Cash Levels at 18-Year Highs
From Bloomberg
The $8.85 trillion held in cash, bank deposits and money- market funds is equal to 74 percent of the market value of U.S. companies, the highest ratio since 1990, according to Federal Reserve data compiled by Leuthold Group and Bloomberg. ...
The ratio of cash on hand to U.S. market capitalization jumped 86 percent in the first 11 months of the year, the biggest increase since the Fed began keeping records in 1959, as the U.S., Europe and Japan fell into the first simultaneous recessions since World War II. ...
Cash holdings peaked one month before equities began to recover during the two longest recessions since World War II. In July 1982, money of zero maturity as a percentage of the U.S. stock market’s value rose to 95 percent before a 20-month bear market ended and the S&P 500 began a six-month, 36 percent advance, data compiled by Bloomberg show.
Cash on hand reached $604.5 billion in September 1974, representing a record 1.21 times U.S. stock capitalization. That preceded a 31 percent gain in equities between October 1974 and March 1975, Bloomberg data show. ...
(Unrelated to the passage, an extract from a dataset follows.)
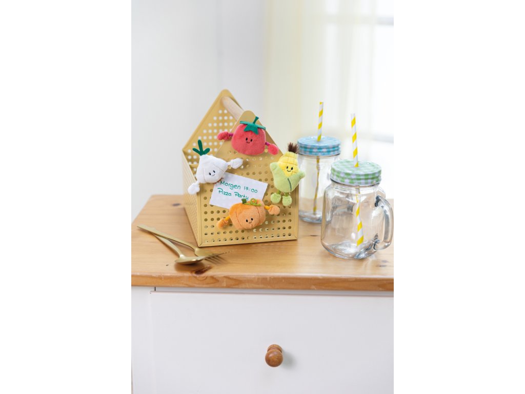 Červené plyšové rajčátko s roztomilými malými ručičkami jako Mini MagNICI je plyšovým magnetem, který je zároveň praktickým i dekorativním doplňkem. Se svým kouzelným výrazem tváře vykouzlí malé rajče z nadýchaného plyše úsměv na každé tváři a rychle se stane nepřehlédnutelným doplňkem na lednici nebo magnetické tabuli. Mini MagNICI je součástí světa produktů NICI GREEN. Pro produkty NICI GREEN se používá téměř výhradně plyš a výplňový materiál vyrobený z recyklovaných materiálů. Pro tento účel se na RPET zpracovávají primárně recyklované PET lahve. Rozměry MagNICI: 6 x 7 x 2,5 cm. Rozměry balení: 10 x 7 x 2,5 cm. Věk 3+Dodatočné parametre
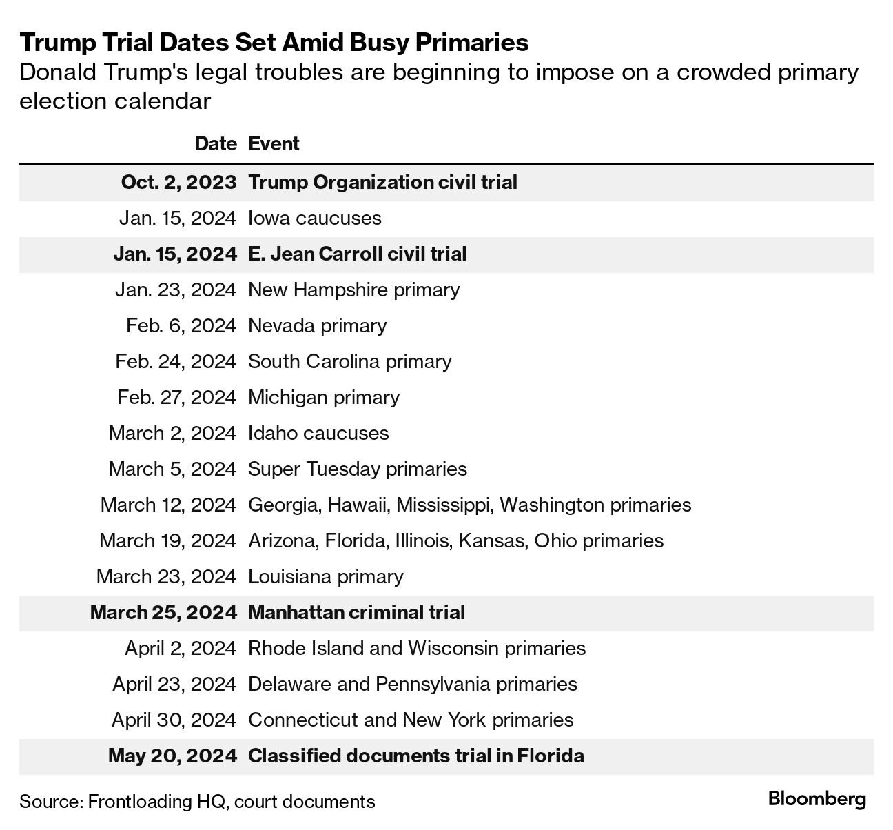审判日期在几乎所有2024年初选结束之后,但在7月的大会上正式共和党总统候选人被提名之前。如果特朗普赢得了足够多的初选,他可能在审判开始时成为共和党总统候选人。

The last time cash accounted for a larger proportion of market value was 1990. The ratio peaked at 75 percent in October of that year, after the savings and loan industry collapsed, Drexel Burnham Lambert Inc. was forced into bankruptcy and the U.S. fell into a recession. The S&P 500 rallied 23 percent in six months and almost 30 percent in a year.
I am very long equities.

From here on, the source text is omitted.